> [Recorded information]
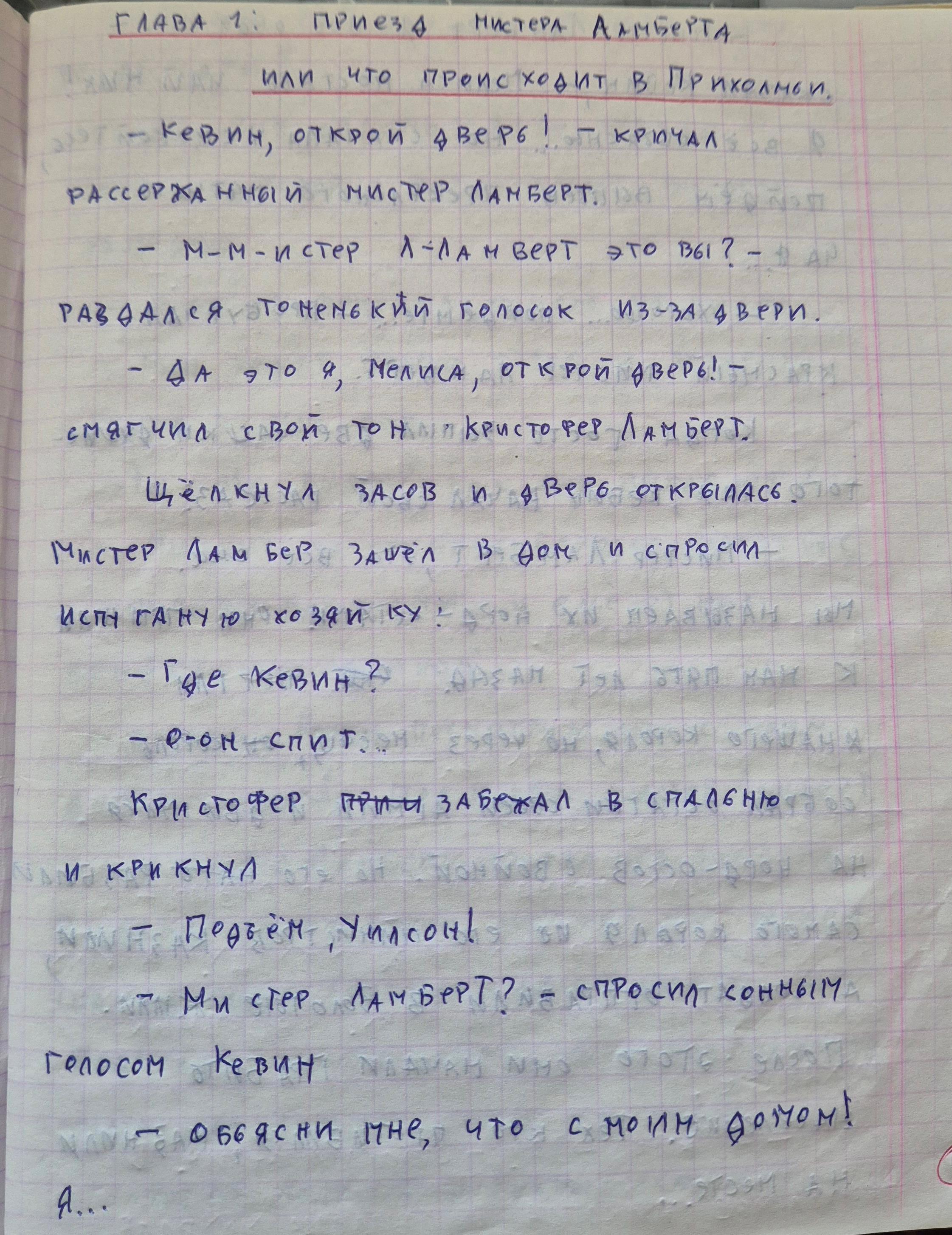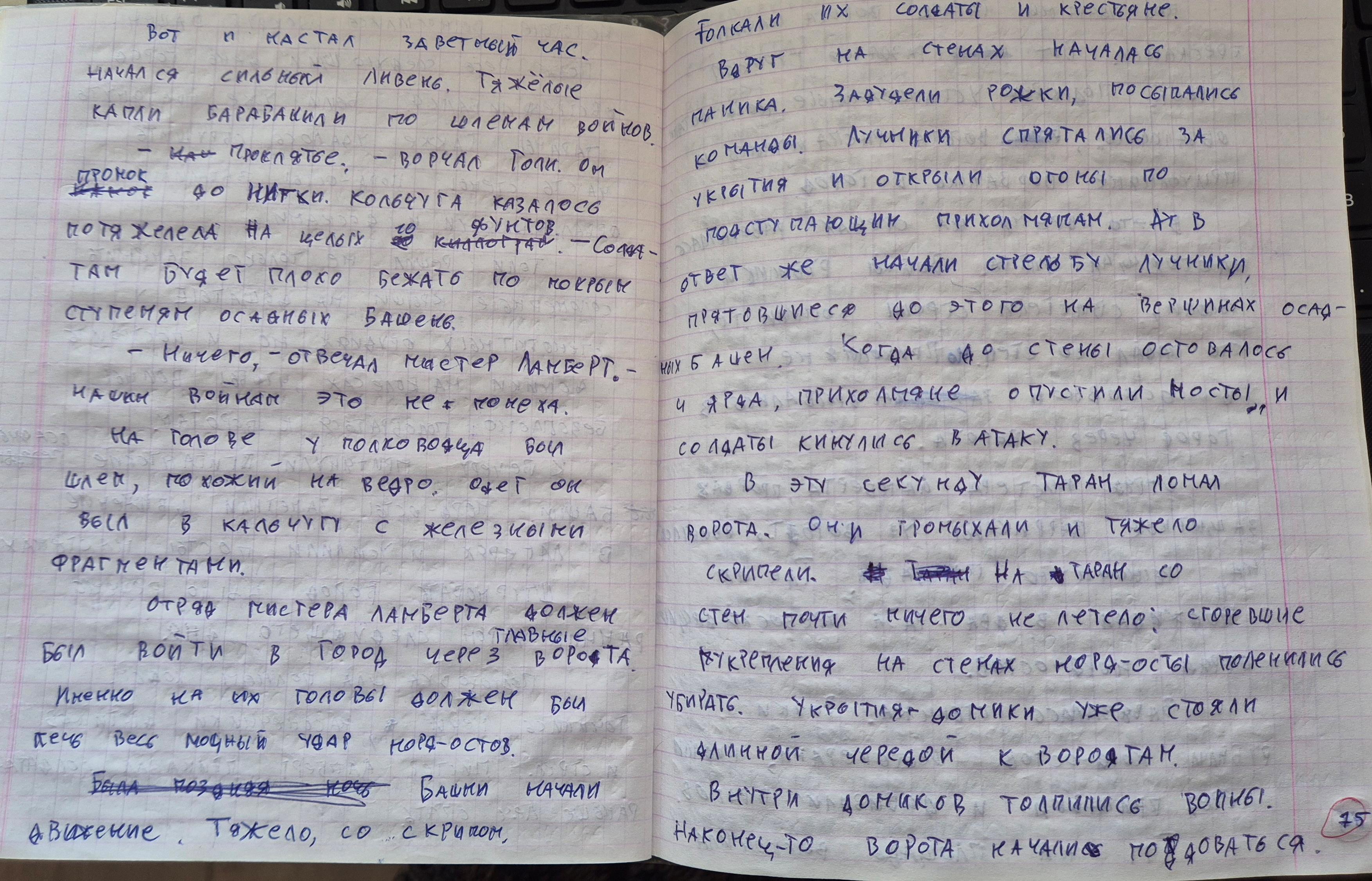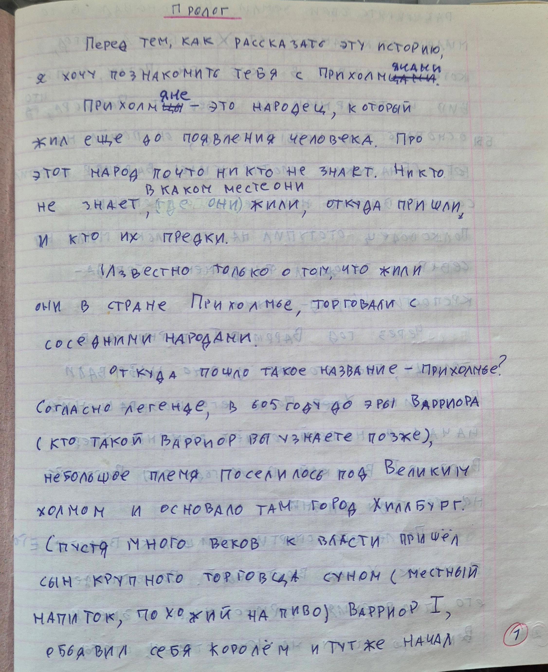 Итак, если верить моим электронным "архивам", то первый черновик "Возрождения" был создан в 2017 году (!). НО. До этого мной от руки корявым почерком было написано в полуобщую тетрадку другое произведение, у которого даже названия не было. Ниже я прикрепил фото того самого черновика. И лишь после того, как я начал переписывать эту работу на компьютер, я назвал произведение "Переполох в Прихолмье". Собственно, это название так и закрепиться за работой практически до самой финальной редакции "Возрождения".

...

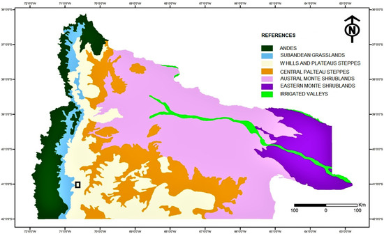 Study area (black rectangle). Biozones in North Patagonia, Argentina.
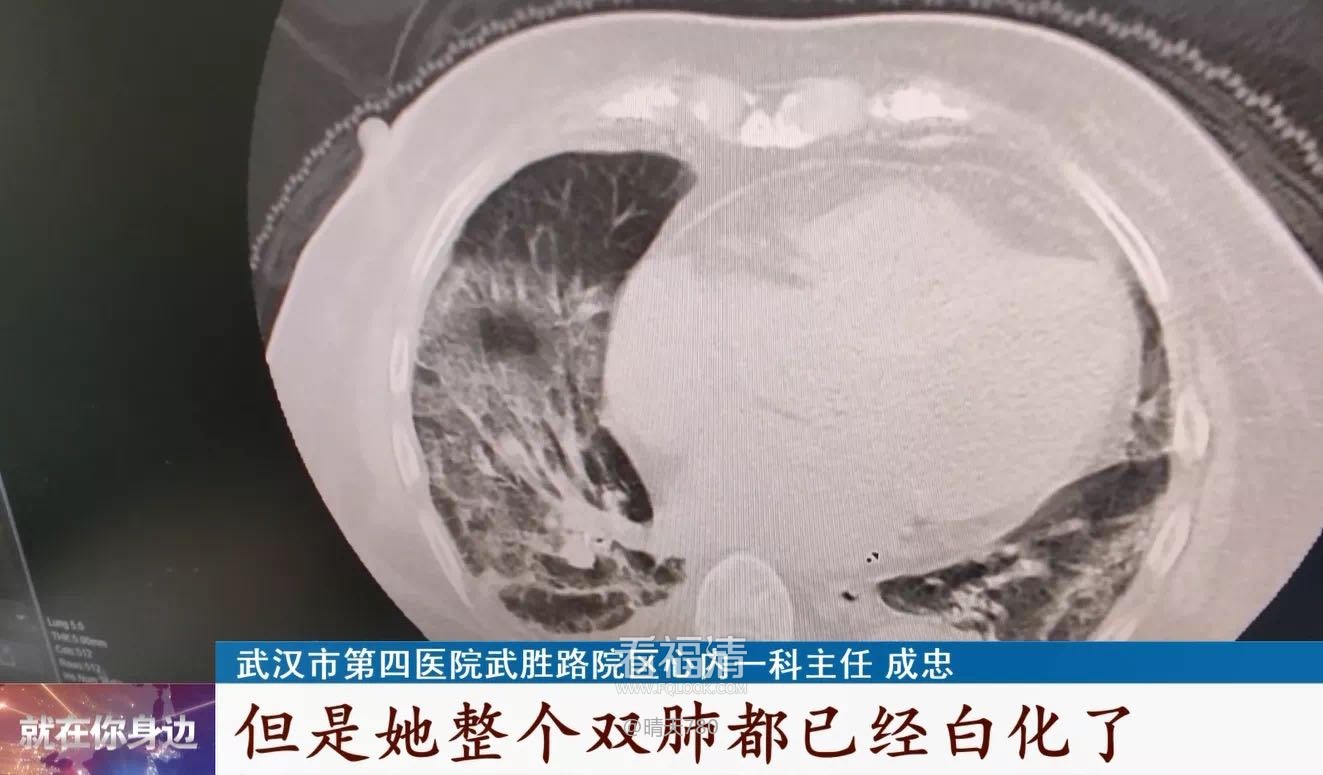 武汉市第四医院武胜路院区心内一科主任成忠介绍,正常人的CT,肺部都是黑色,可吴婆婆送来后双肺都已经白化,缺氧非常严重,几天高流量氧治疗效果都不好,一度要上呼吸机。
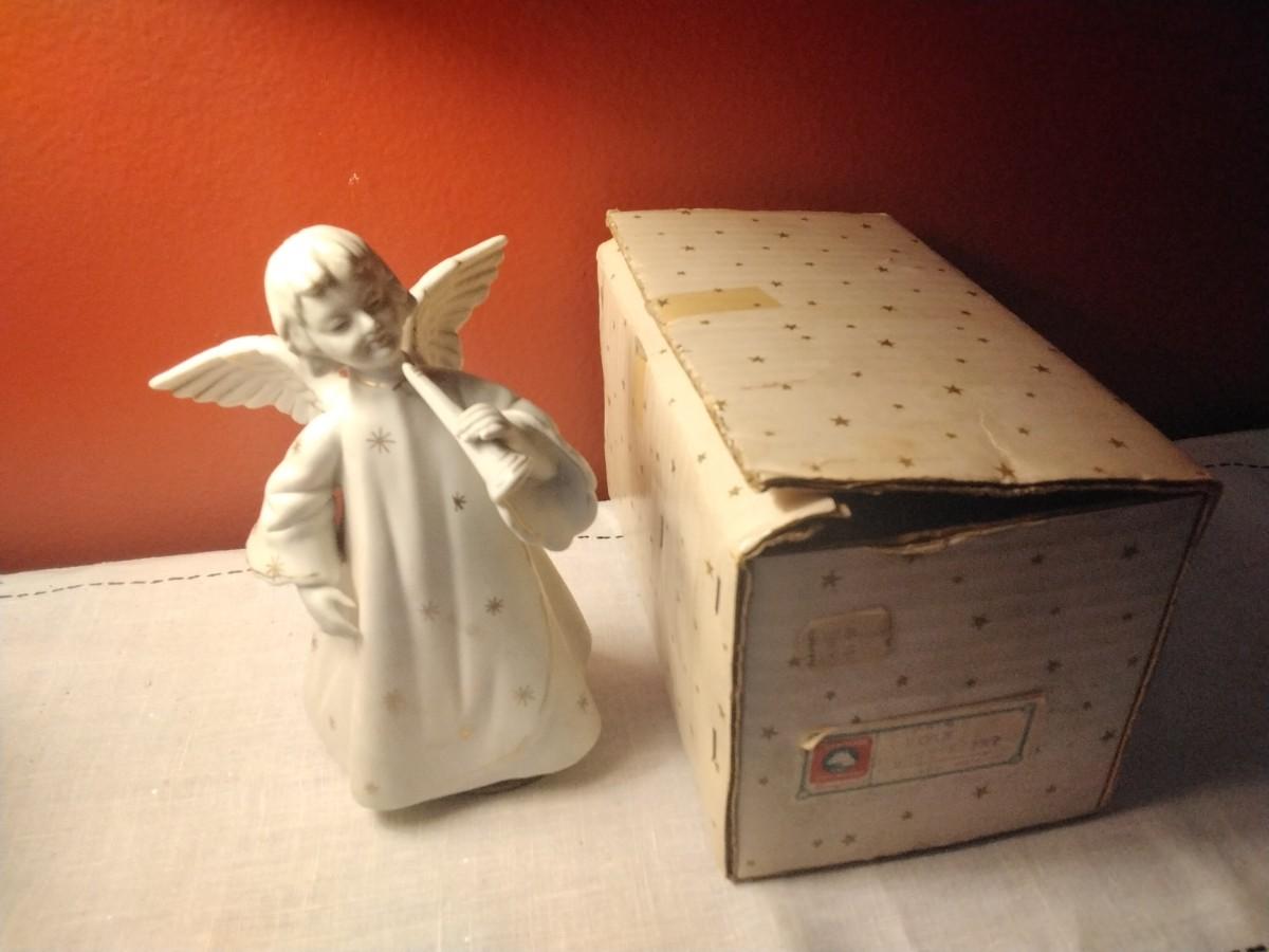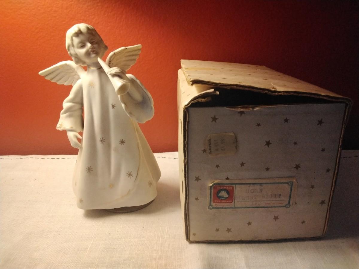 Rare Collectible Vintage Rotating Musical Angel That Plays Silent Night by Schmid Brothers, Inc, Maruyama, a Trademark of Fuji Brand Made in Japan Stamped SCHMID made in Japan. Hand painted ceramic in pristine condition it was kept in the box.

> [Work instructions] Copy exactly the lines of the entries above from the one containing "Study area (black" through the one containing "Rare Collectible Vintage". Both end lines count; pictures do not.

> [Exercise solution]
 Study area (black rectangle). Biozones in North Patagonia, Argentina.
 武汉市第四医院武胜路院区心内一科主任成忠介绍,正常人的CT,肺部都是黑色,可吴婆婆送来后双肺都已经白化,缺氧非常严重,几天高流量氧治疗效果都不好,一度要上呼吸机。
 Rare Collectible Vintage Rotating Musical Angel That Plays Silent Night by Schmid Brothers, Inc, Maruyama, a Trademark of Fuji Brand Made in Japan Stamped SCHMID made in Japan. Hand painted ceramic in pristine condition it was kept in the box.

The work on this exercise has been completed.